Well, is the suggestion, Matt, that we put ourselves up for sale?

Well, I think that is the suggestion.

Okay. I wanted to be clear I understood the question. Right now we have no plans to put ourselves up for sale. We think -- we're following a plan that we put in place three years ago to build a pipeline. We think we have a pipeline that is not a refle -- the current market value is in the a reflection of the pipeline that exists or the potential for that pipeline, and the program that we are on and that's supported by our board is to continue moving forward as an individual company and to continue to exploit those assets and to move in a way that we can start to monetize some portion of individual programs. That's the program we're on. And it doesn't mean that we wouldn't have a conversation at a board meeting in the future about the other, but so far that hasn't been the case.

Okay. Thanks a lot, guys.

Thank you. There are no further questions. I will turn the floor back to Mr. Burns for closing remarks.

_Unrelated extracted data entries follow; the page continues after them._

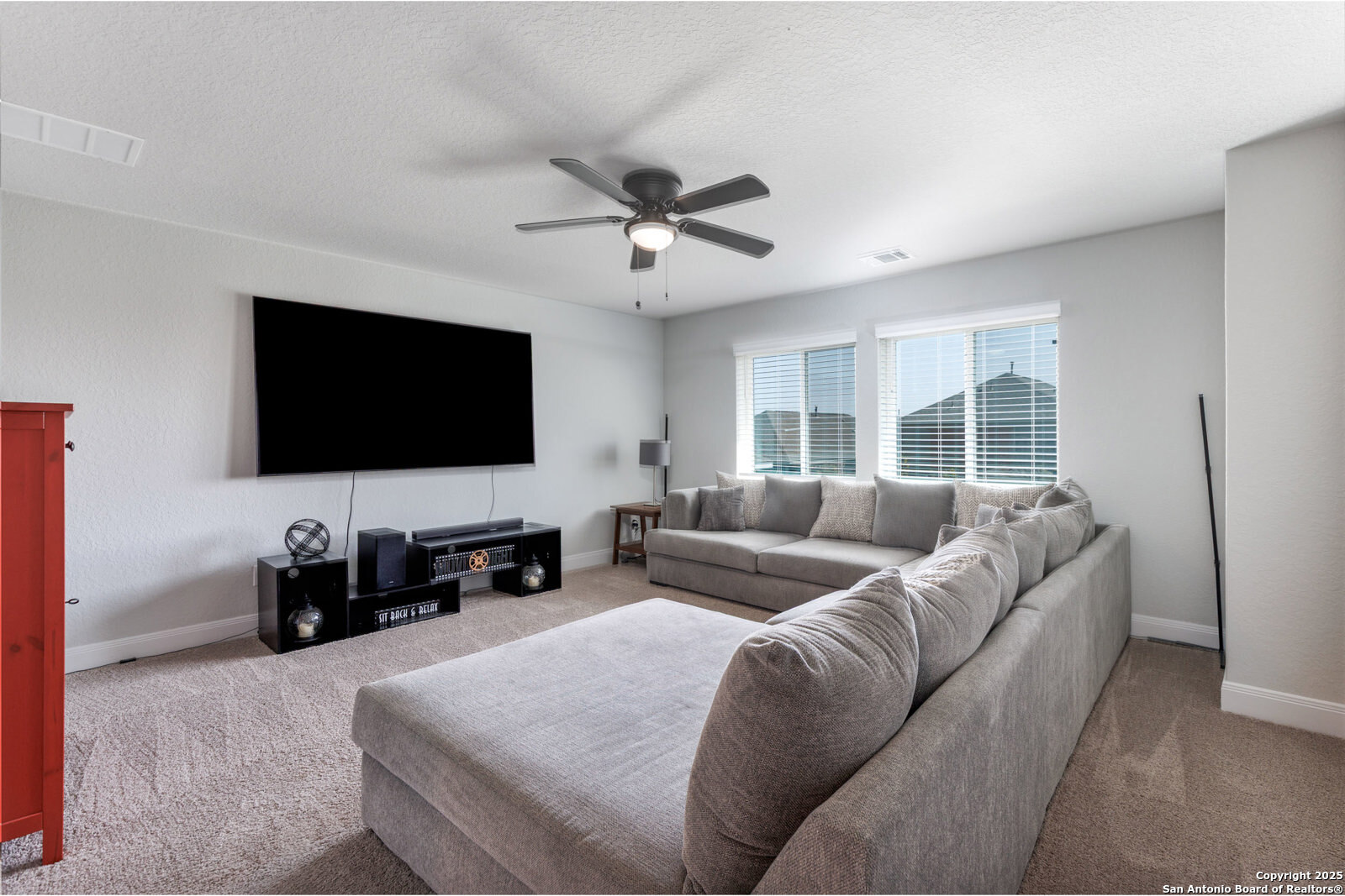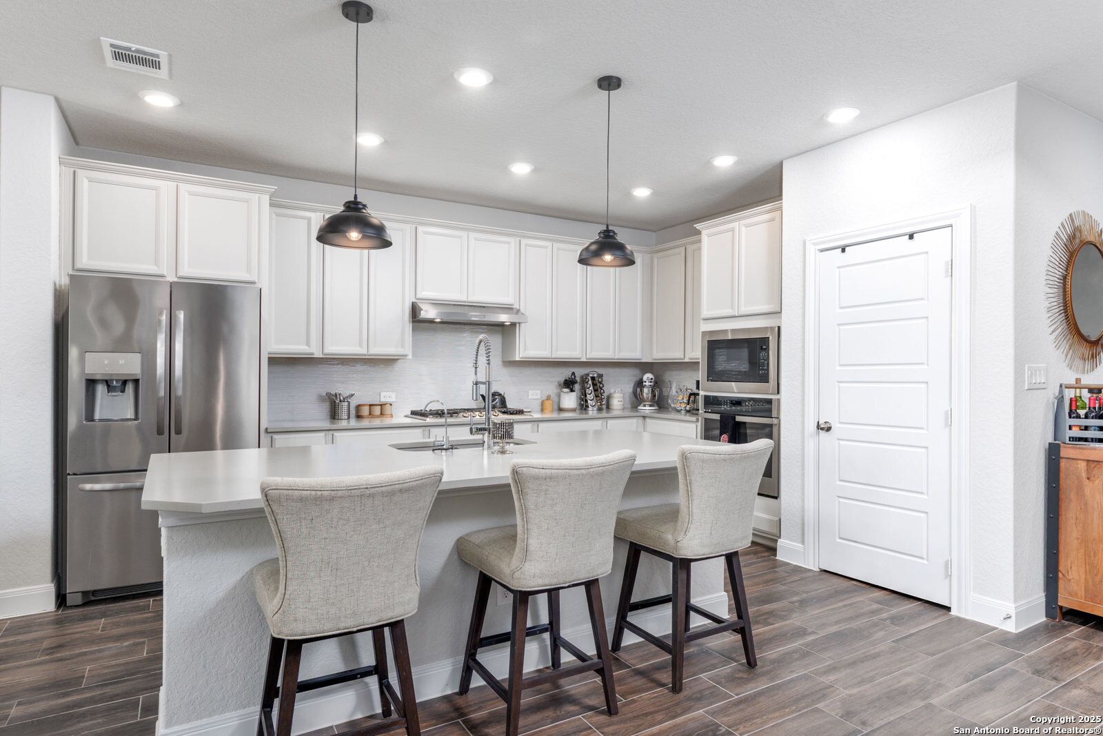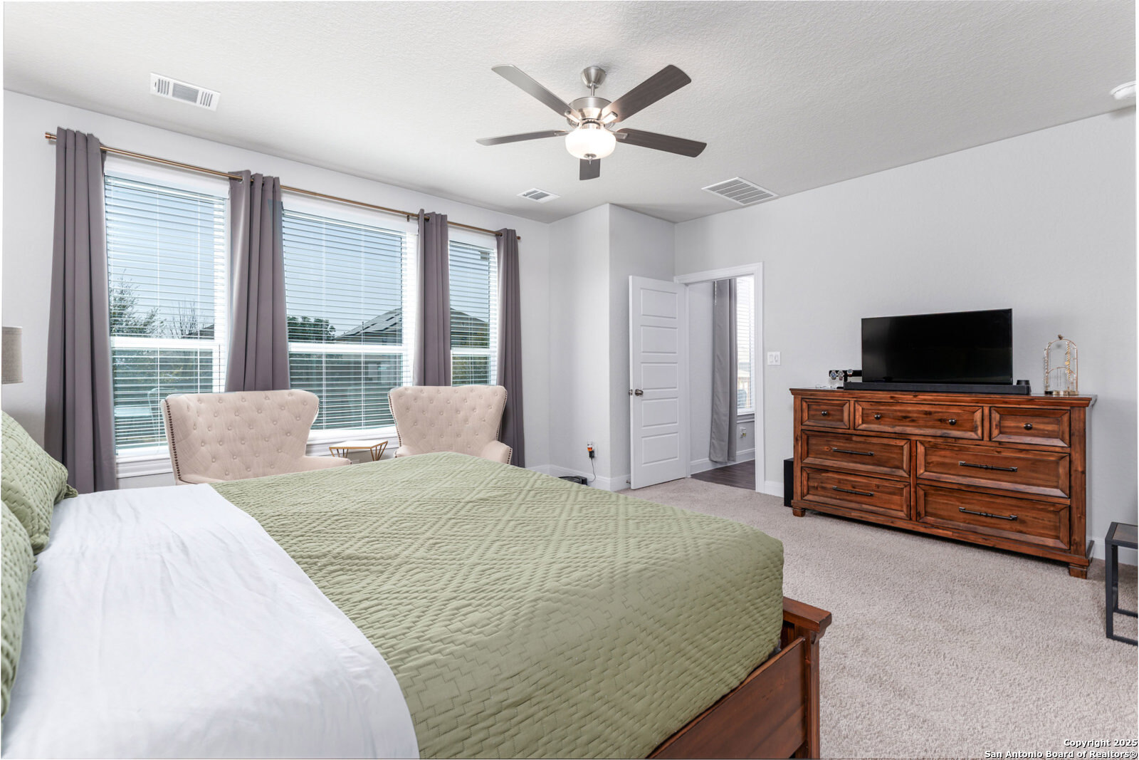 Feel like you've just stepped into the pages of Southern Living! Seller offering $5,000 in FLEX CASH! Prepare to be wowed by The Latham Floorplan a stunning David Weekley masterpiece that perfectly blends modern elegance with everyday comfort. From the moment you enter, you'll feel an immediate sense of style, sophistication, and warmth. This two-story showstopper sits on a .17-acre lot and features 4 spacious bedrooms, 3.5 baths, and a 3-car garage designed with convenience and versatility in mind. The home includes a second master suite upstairs, offering flexibility for guests or multigenerational living. On the main level, you'll find a private study, perfect for a home office or quiet retreat. The open-concept living area steals the show with soaring 20-foot ceilings and an abundance of natural light, creating an inviting atmosphere that's ideal for both relaxing and entertaining. The gourmet kitchen is a dream come true for any home chef, featuring gas cooking, sleek white cabinetry, and ample counter space and storage the perfect blend of function and style. Outside your doorstep, the community offers resort-style amenities including a clubhouse, park/playground, jogging trails, BBQ area, and basketball court - everything you need for an active, connected lifestyle. Located just minutes from Loop 1604, Hwy 90, and Hwy 151, with Lackland AFB only 15 minutes away and SeaWorld just 10 minutes, you'll enjoy quick access to premier shopping, dining, and entertainment. This is more than a home it's a statement of style, comfort, and modern living.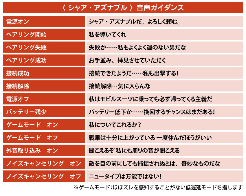 最大亮點是有阿姆羅(CV:古谷徹)與夏亞(CV:池田秀一)全新錄製的語音提示,像是開關機、配對成功、觸控操作等,共 13 種語音提示,完全是粉絲收藏等級!
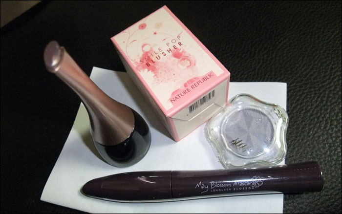 메이블라썸 마스카라(롱래쉬), 프리즘 스타 아이섀도우(실버 스노우), 스마일 팝 블러셔(로지 코랄), 컬러 에끌라 네일(네이비) 입니다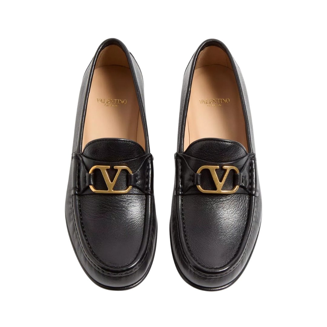 Mocassini Valentino Buffalo in pelle nera con suola alta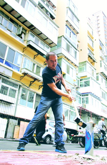23日,为维护公共利益、还道路于民,华茂物业联合向阳街道办、胜利路社区居委会、芝罘区城管大队、兴隆街派出所等多部门,打算清理小区内私设的地桩、地锁。上午8点半,华茂物业找来工人,开始拆除地桩、地锁。最先拆除的是胜利路社区居委会前的一排地桩,工人们将地桩用铁锤砸倒。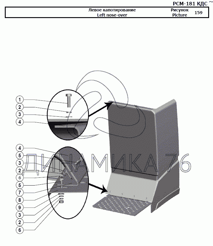 Перечень комплектующих от Левое капотирование на РСМ-181 "Torum-740"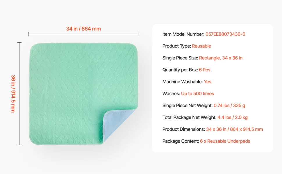 VEVOR Incontinentiepads, 864 x 914,5 mm herbruikbare bedpads, superabsorberend en snel drogend, voor huisdieren, volwassenen, kinderen en ouderen (6 stuks)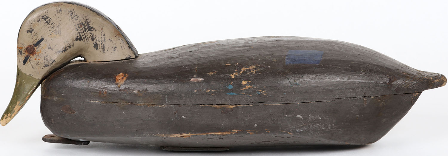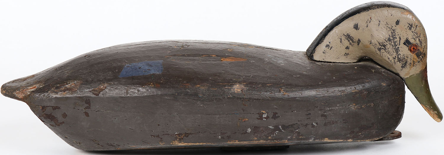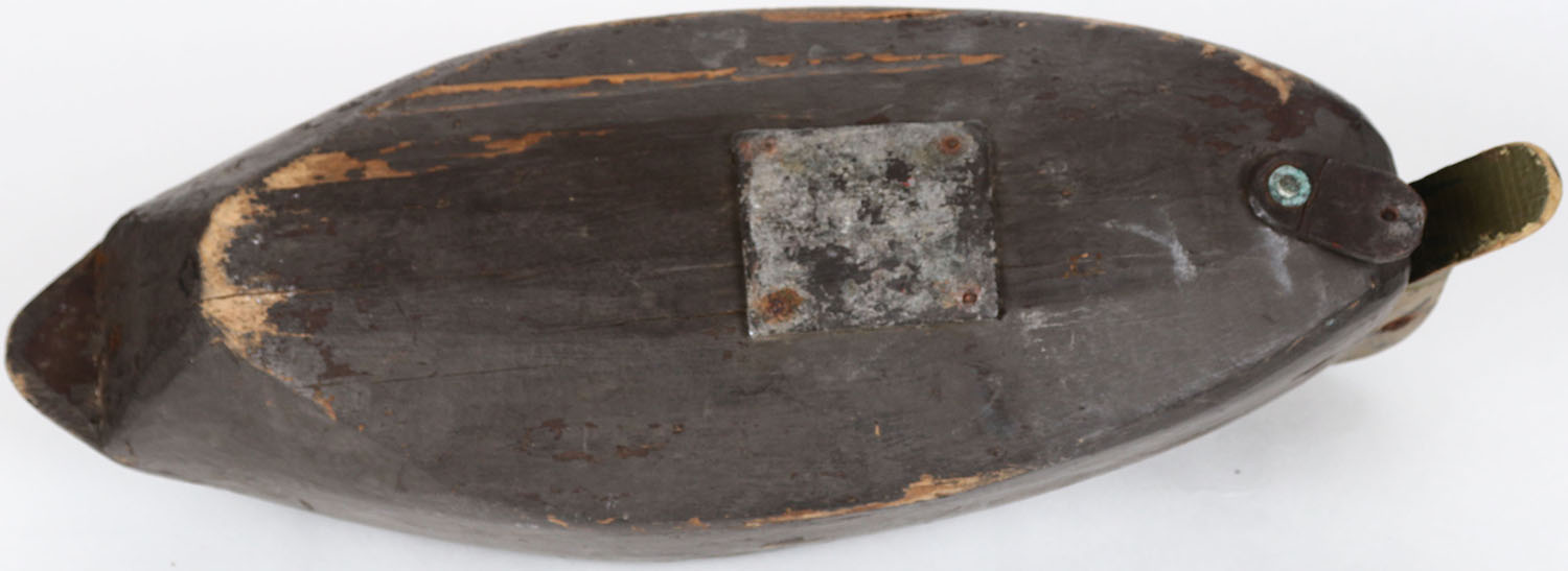 Black Duck by unknown maker, NJ?, tack eyes, hollow wood, has age cracks on back and bottom, original paint. Grade: Excellent - Value: 50 to 100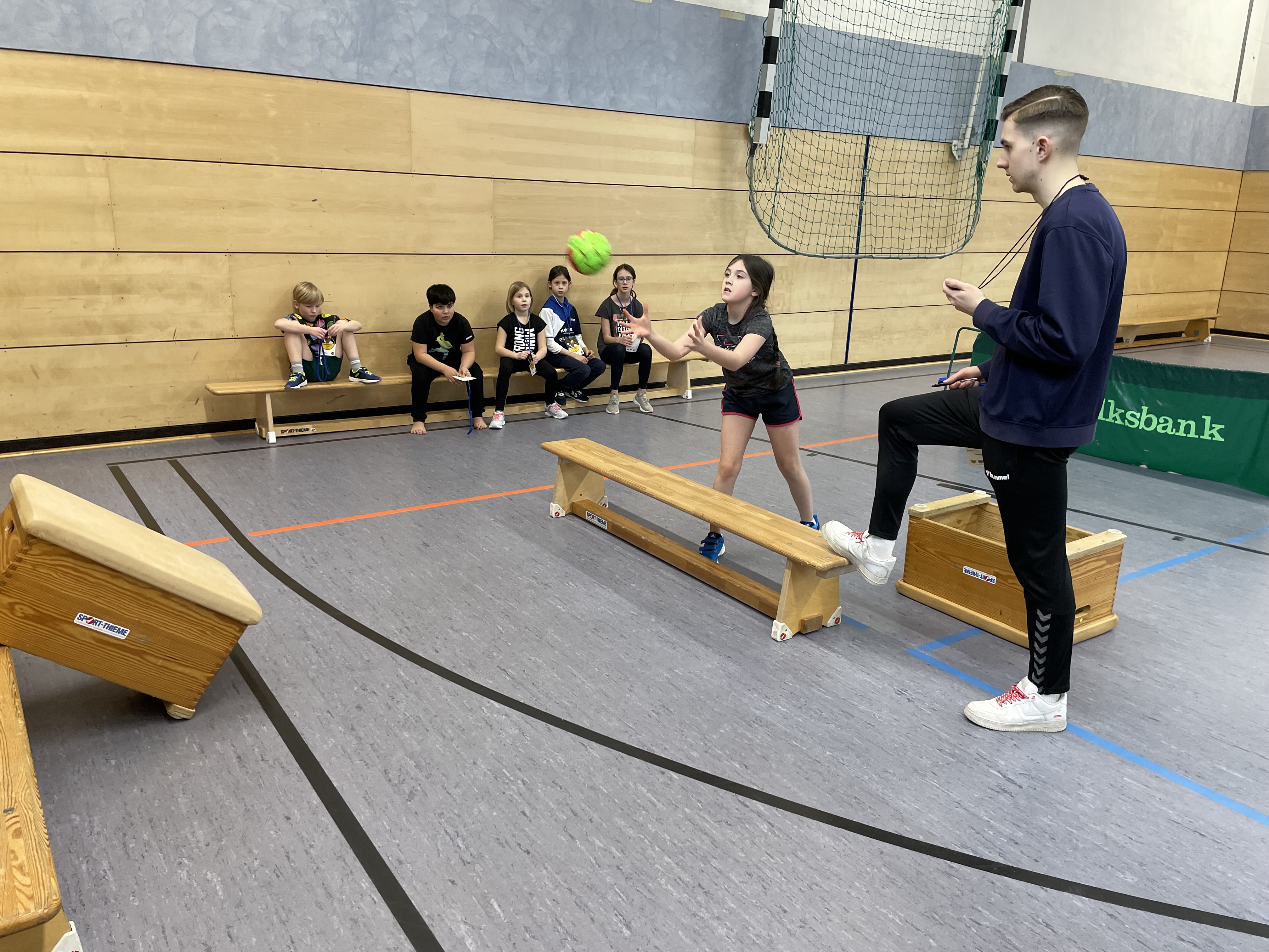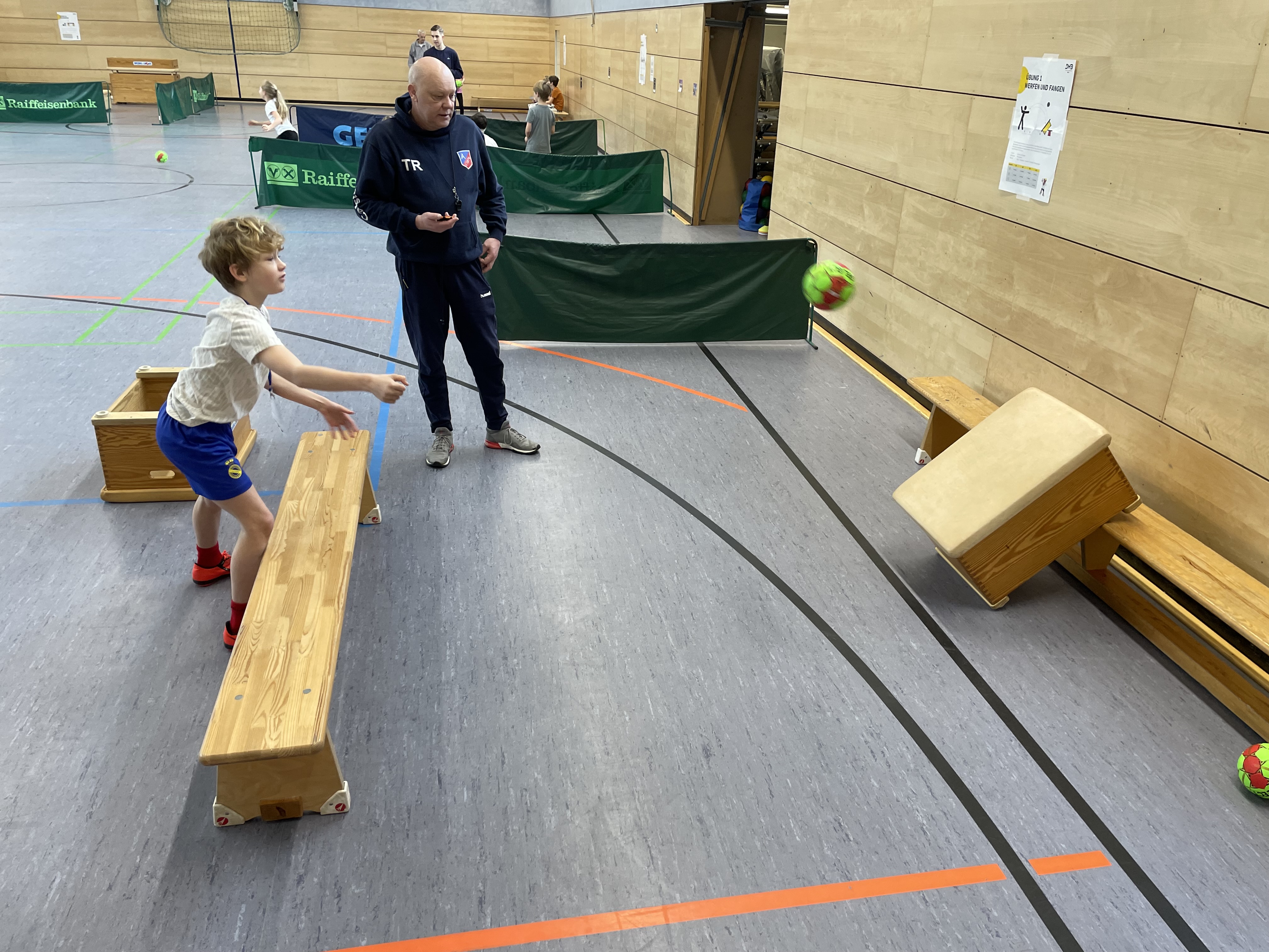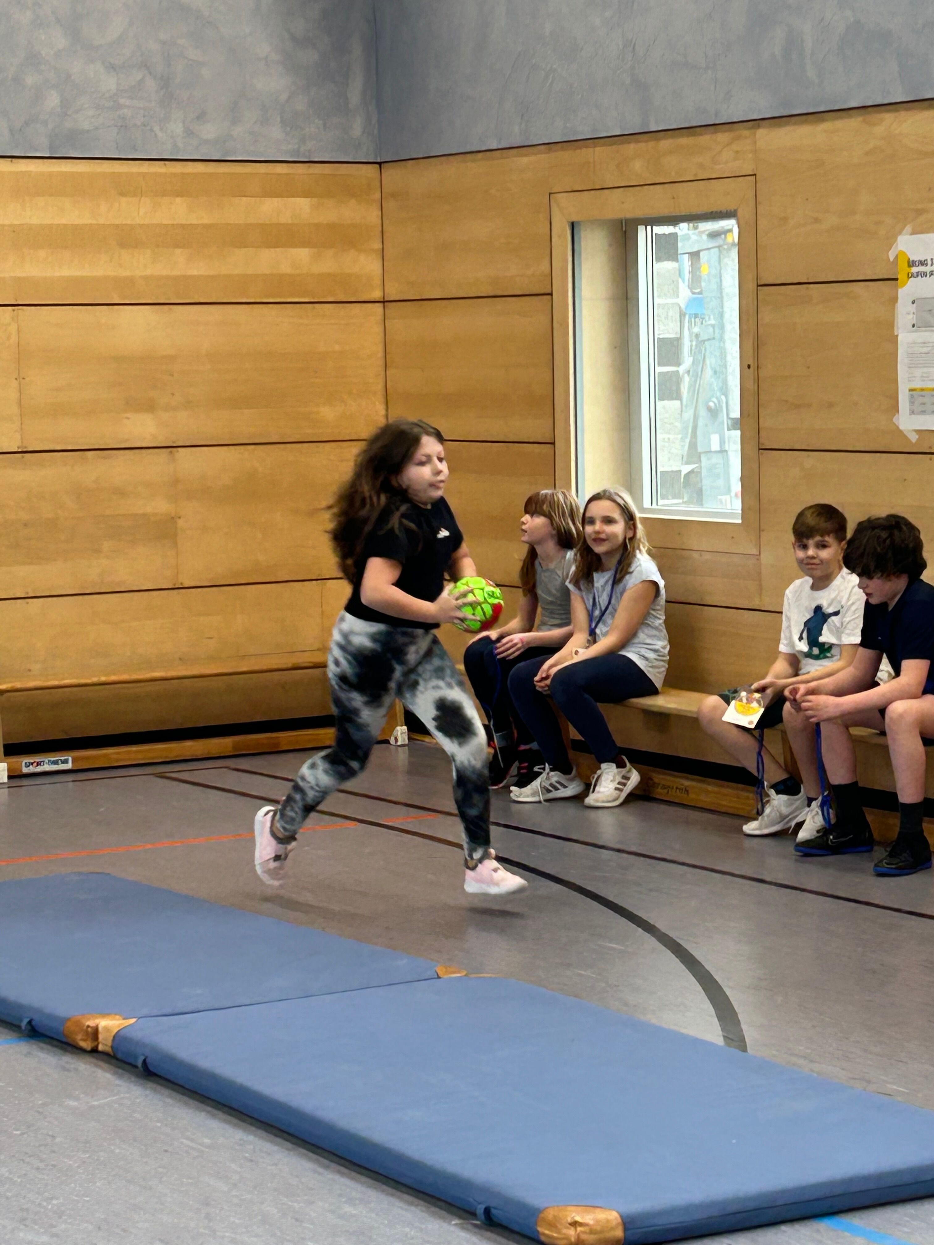 Die Kinder absolvierten in ihrer Klasse in einer Sportstunde vielseitige Übungen mit einem Handball. Da mussten Hütchen mit dem Handball abgeworfen werden. Der Ball musste in unterschiedlicher Laufbewegung transportiert werden. Es wurde geprellt, hochgeworfen (dabei geklatscht) und wieder aufgefangen und es wurden Abpraller von einem kleinen Turnkasten aufgefangen.

Again, I want to thank everybody for their participation today, for your continued support. We know these are tough times. We hear your views and comments and questions. Believe me, when we -- I'm aware of every phone call and every e-mail that comes from investors, and we can't always respond to them for obvious reasons as a public company, but we are sensitive to the understanding, we appreciate the comments and the suggestions. and I just want to thank everybody for that.. We will also go back and review among the management team the questions and the comments associated with management participation in stock purchases. So with that I'd like to thank you all for your participation and continued interest in the Company, and that concludes today's teleconference.

Thank you. This concludes today's teleconference. Please disconnect your lines at this time, and have a wonderful day.